Monday, February 21, 2011

Y Tanaka - Form Matters

When critiquing art works, we look at forms first whether it’s a painting, sculpture or other media. Forms can be the physical form of a sculpture, as well as formal elements, such as scale, shape, size, composition, and color. Formalism emphasizes these formal elements in art and art making process. It can hinder a narrative content but also be self-referential. The modernism changed the value of formalism. Visual elements were celebrated and embraced rather than a reference to create an image, which was the focal point for pre-Modernists. Abstraction is not self-referential because it doesn’t remind one of something else. On the other hand, realism is self-referential, which can be easily associated with characters or something familiar, therefore, it helps developing a story, just like how a novel works. However, the definition of realism is depending on how artists view “reality”.

When critiquing a painting, we should consider edges, line, color, composition, fields, scale, format, surface, gesture, and process. The painting is also an object, rather than surface. It can be a platform for a performance act. It is also a mechanism to deliver a narrative content. Critiquing sculptures are conducted in a similar fashion. The criteria includes, the object as well as discrete object spatial/compositional relationships, footprints, gravity, suspended pieces, pedestals, and prop-ups, ratio, the room spatial relationship, fields, the expanding, exploding, or meandering form, formal considerations within the object, mass and shape, material and process, construction, material/process as form, as action, and illusion and integrity of material. When an installation can take up an entire exhibition space, the installation piece becomes architecture. Material and process are a very integral part of the form, as well as developing a concept. For example, I constructed miniature trees, one made out of a thread, the other computer wires. I deliberately selected these materials, which I coiled one by one around tiny-trees. Both materials and the process support my concept, which depicts a technological transformation, nature versus man-made materials.

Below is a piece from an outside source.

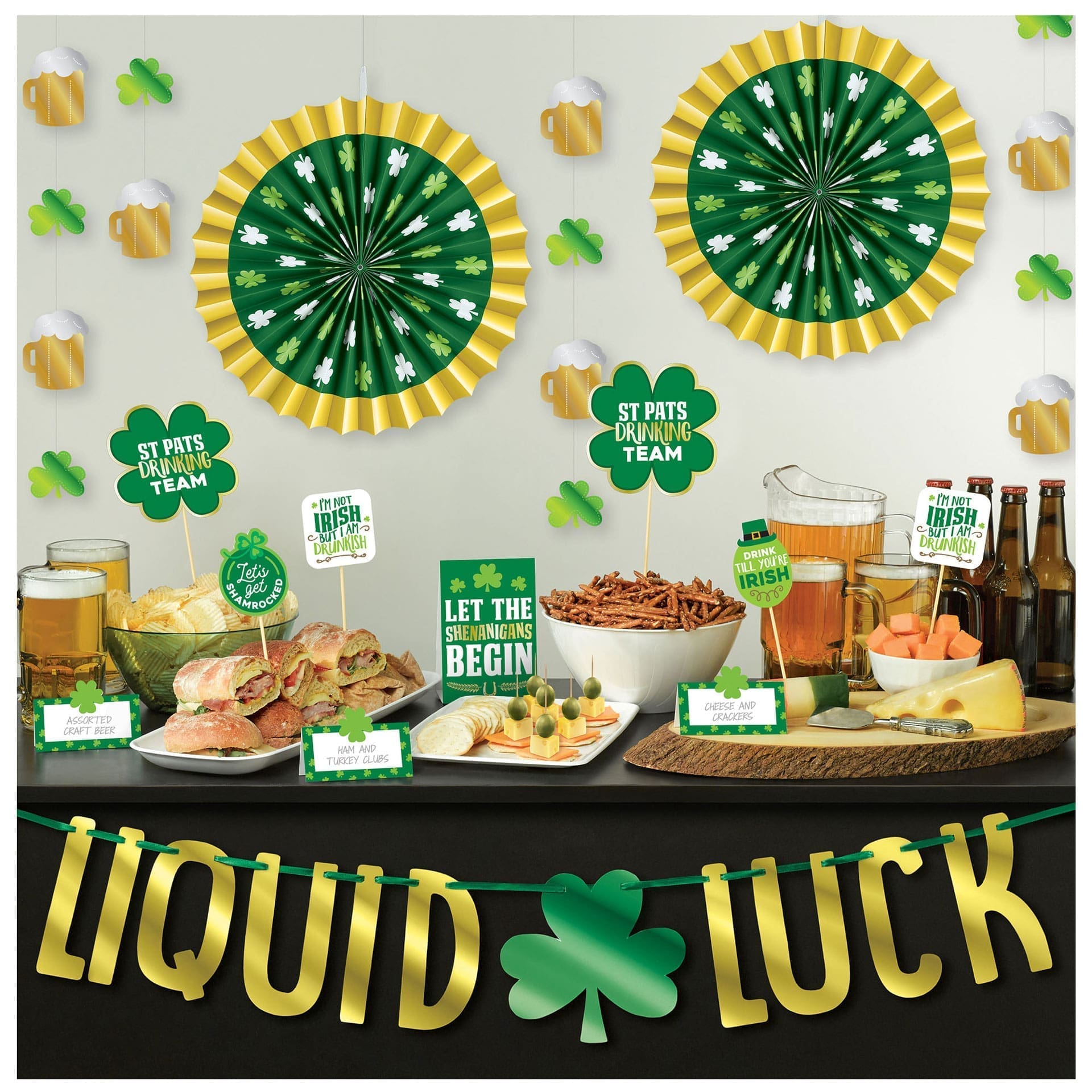 Let the shenanigans begin with our St. Patrick’s Day Bar Decorating Kit! This green and gold, paper and foil decorating kit includes everything you need for a festive Saint Patrick’s Day celebration. Easy assembly The St. Patrick’s Day Bar Decorating Kit includes: 1 – 6″ Table Tent Card 8 – 2″ Table Tent Cards 4 – 7 7/10″ Paper Picks 3 – 12 1/2″ Paper Picks 4 – 72″ String Decorations 1 – 9″ Letter Banner 2 – 14 1/2″ Fan Decorations.

Kendall Buster and Paula Crawford often associate their content with music or writing practices, which I thought was fabulous. They said, “Greenberg argued for a kind of painting that refuses to be the carrier of a narrative, much the way a symphony is a complex structure whose emotional and expressive content relies purely on the structural relations set up by the composer. Color, line, repeated motifs are orchestrated across the surface of the canvas much the way melody, harmonic textures, and repeated motifs are arranged by the composer.” An individual visual element doesn’t mean much, just like a simple notation. But if it’s combined with one or more elements (e.g., one or more notations), it gives a meaning/life, just like creating a complex the structure/system or having an orchestra. Interesting comparison…… and yes, form matters.